**Task item:** Given the material below, return only the lines starting at the line with "32898 حلق لوكس" and ending at the line with "立体彫刻チークリボン、輝くダ", exactly as they appear.

**Materials provided:**
········

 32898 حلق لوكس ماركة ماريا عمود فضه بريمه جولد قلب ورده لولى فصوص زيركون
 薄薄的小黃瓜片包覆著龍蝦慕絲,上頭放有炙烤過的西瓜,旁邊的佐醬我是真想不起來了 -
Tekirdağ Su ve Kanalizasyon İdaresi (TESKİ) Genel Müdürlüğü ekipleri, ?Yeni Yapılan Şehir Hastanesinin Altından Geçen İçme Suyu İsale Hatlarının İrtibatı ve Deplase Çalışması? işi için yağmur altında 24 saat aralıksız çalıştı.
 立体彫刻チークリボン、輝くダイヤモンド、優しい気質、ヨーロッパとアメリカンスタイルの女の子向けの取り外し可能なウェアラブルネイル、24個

········

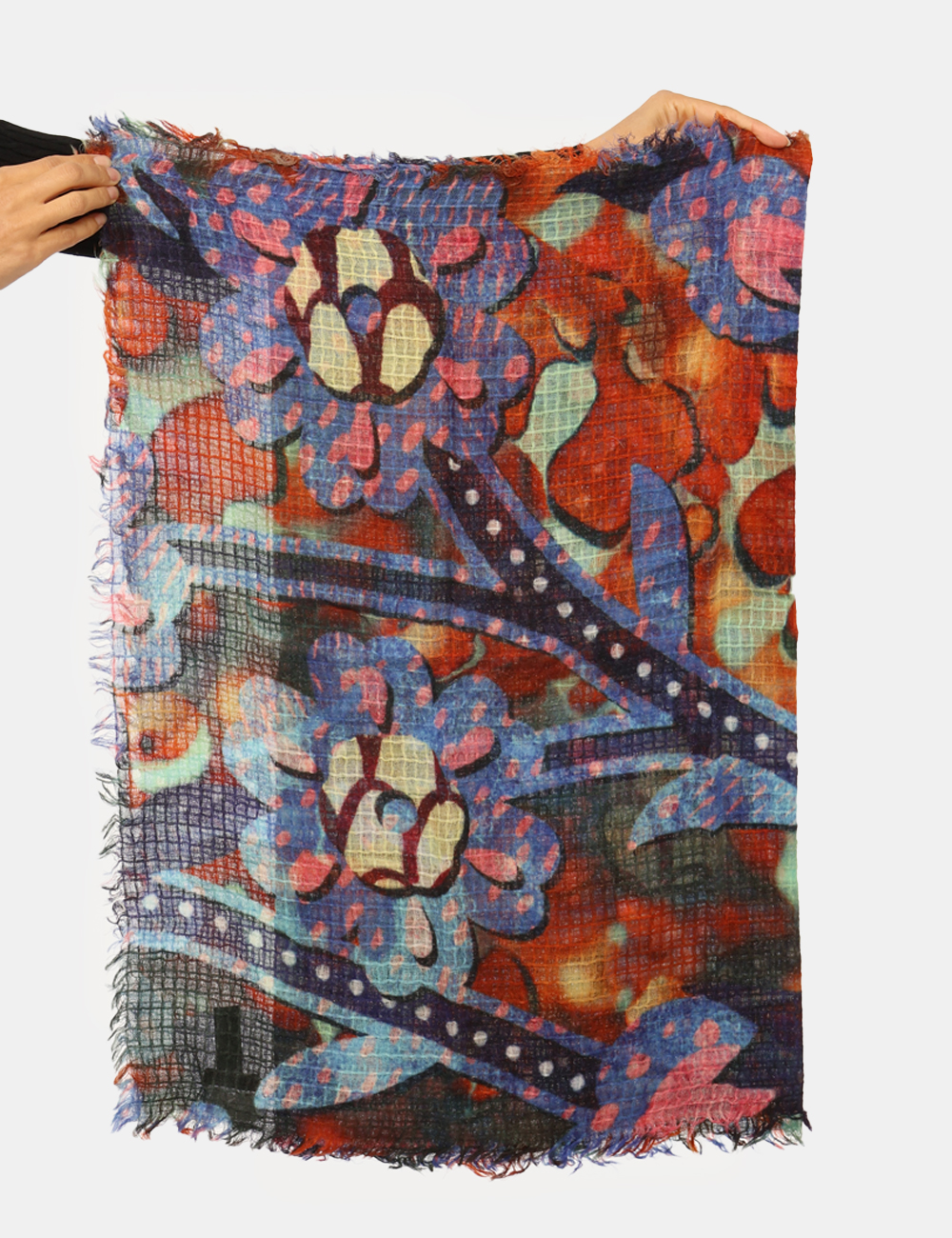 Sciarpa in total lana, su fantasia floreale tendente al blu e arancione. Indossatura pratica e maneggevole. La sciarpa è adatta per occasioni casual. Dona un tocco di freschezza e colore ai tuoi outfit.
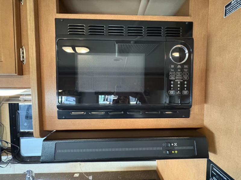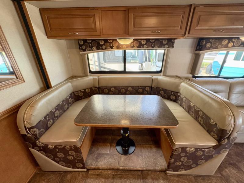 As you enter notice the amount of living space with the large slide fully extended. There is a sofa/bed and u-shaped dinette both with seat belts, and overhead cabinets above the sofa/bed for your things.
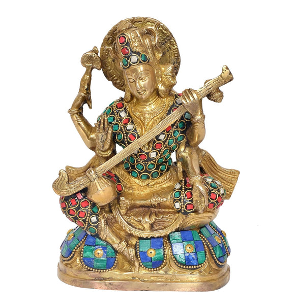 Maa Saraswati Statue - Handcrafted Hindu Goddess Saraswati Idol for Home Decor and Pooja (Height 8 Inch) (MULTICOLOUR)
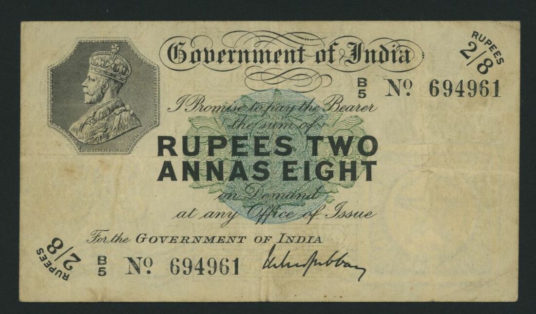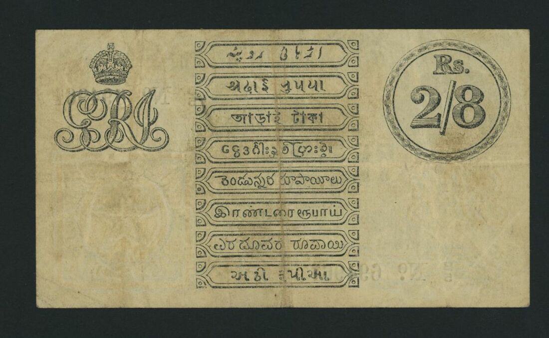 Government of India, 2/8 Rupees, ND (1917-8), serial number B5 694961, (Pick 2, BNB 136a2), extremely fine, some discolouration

········

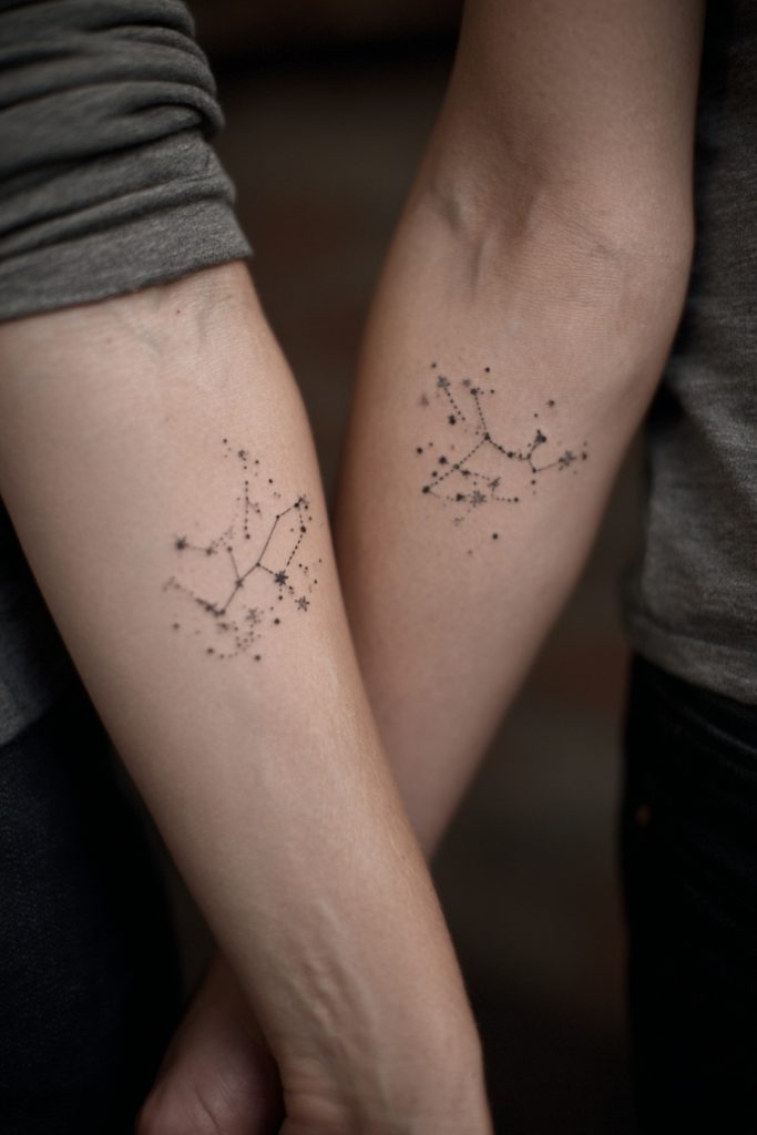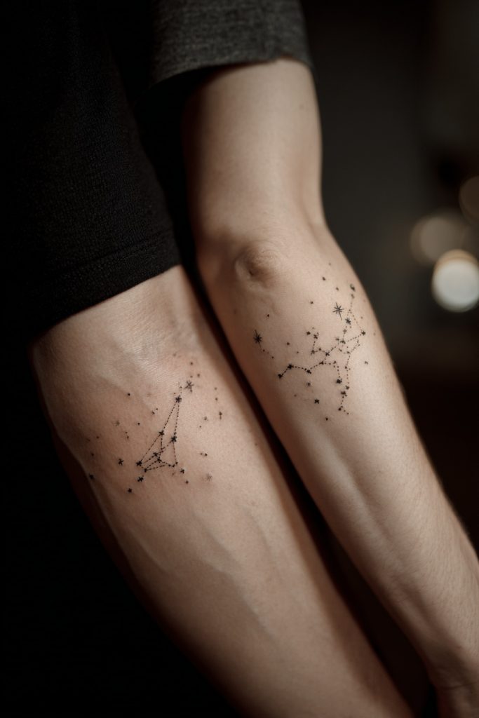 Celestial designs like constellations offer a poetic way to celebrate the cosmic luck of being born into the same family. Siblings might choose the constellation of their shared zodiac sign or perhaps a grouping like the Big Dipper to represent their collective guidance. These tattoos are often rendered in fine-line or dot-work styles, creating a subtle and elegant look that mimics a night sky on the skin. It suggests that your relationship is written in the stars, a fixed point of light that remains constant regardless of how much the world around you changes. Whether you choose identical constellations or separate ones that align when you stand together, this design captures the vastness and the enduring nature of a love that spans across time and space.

········

**Solution to this problem:**
 32898 حلق لوكس ماركة ماريا عمود فضه بريمه جولد قلب ورده لولى فصوص زيركون
 薄薄的小黃瓜片包覆著龍蝦慕絲,上頭放有炙烤過的西瓜,旁邊的佐醬我是真想不起來了 -
Tekirdağ Su ve Kanalizasyon İdaresi (TESKİ) Genel Müdürlüğü ekipleri, ?Yeni Yapılan Şehir Hastanesinin Altından Geçen İçme Suyu İsale Hatlarının İrtibatı ve Deplase Çalışması? işi için yağmur altında 24 saat aralıksız çalıştı.
 立体彫刻チークリボン、輝くダイヤモンド、優しい気質、ヨーロッパとアメリカンスタイルの女の子向けの取り外し可能なウェアラブルネイル、24個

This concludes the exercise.